FMS also contains the following multiplication routines:
{C} = {D} - {A}{B}
{C} = {A}{B}
{C} = {D} + {A}{B}
{C} = {D} - {A}T{B}
{C} = {A}T{B}
{C} = {D} + {A}T{B}
where {A}, {B}, {C} and {D} are FMS vector files. The above products may also be stored in FMS matrix files using
[C] = [D] - {A}T{B}
[C] = [D] {A}T{B}
[C] = [D] + {A}T{B}
FMS can also store the vector products in a memory based array to compute
[F] = {X}T{Y}
where [F] is a full matrix and {X} and {Y} are FMS vector files containing one or more vectors. For symmetric problems, only the lower triangle of [F] is computed.

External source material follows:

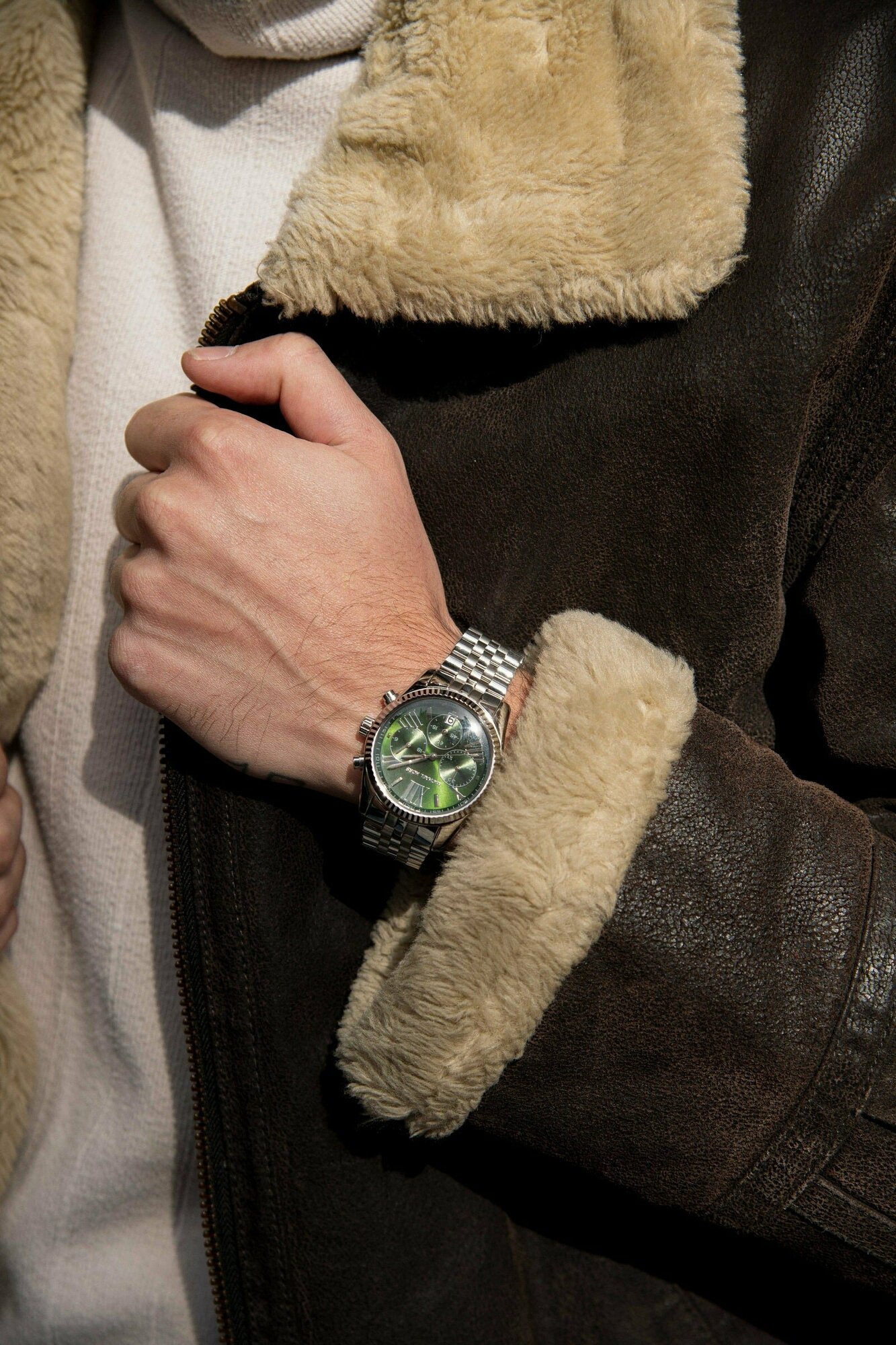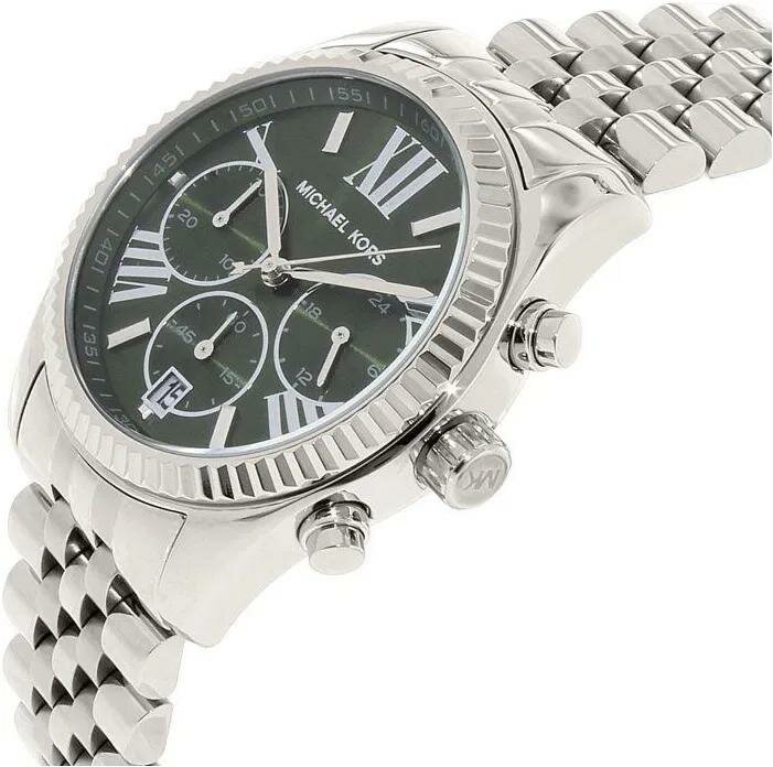 Наручные часы Michael Kors серебристые с зеленым циферблатом, хронограф
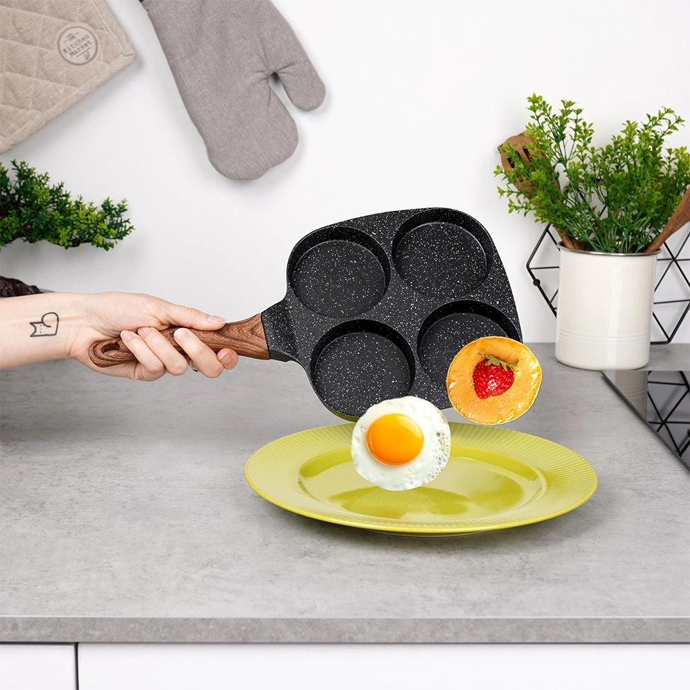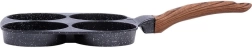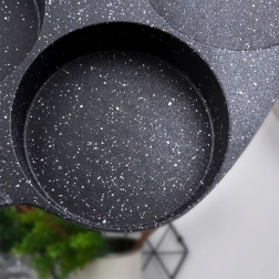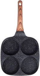 Poêle pratique avec quatre moules ronds de 8,5 cm de diamètre pour des œufs, blinis et mini crêpes parfaitement formés. Corps en aluminium résistant avec un revêtement granité antiadhésif de couleur noire permettant de cuisiner avec un minimum de matière grasse, assurant une diffusion uniforme de la chaleur et économisant temps et énergie. La poignée ergonomique au décor bois est confortable, antidérapante et dotée d’un trou pour la suspension. La poêle est compatible gaz, électricité, vitrocéramique, halogène et induction et est facile à nettoyer, y compris au lave-vaisselle.

These multiply operations have several pratical applications in computing Eigenvalues of the matrix [A]. For example, if {X} is a known Eigenvector, the correcponding Eigenvalue can be computed from the following:
e = ({X}T[A]{X})/({X}T{X})
This calculation uses the matrix-vectors multiply operation once and the vectors-vectors multiply operation twice.
These multiply operations are also used to project the matrix [A] into a subspace [A*] where its Eigenvalues can be computed more efficiently. This projection involves the following computation:
[A*] = {X}T[A]{X}
where {X} are the vectors that define the subspace.
In the special case where the matrix is diagonal [D], FMS directly computes the following quadratic form:
[F] = {X}T[D]{X} (symmetric)
[F] = {X}T[D]{Y} (nonsymmetric)
FMS also includes the vectors matrix multiply calculation
{Y} = {X}[F]
This calculation may be used to project subspace eigenvectors back into the problem space or to compute new vectors {Y} from a linear combination of old vectors {X}.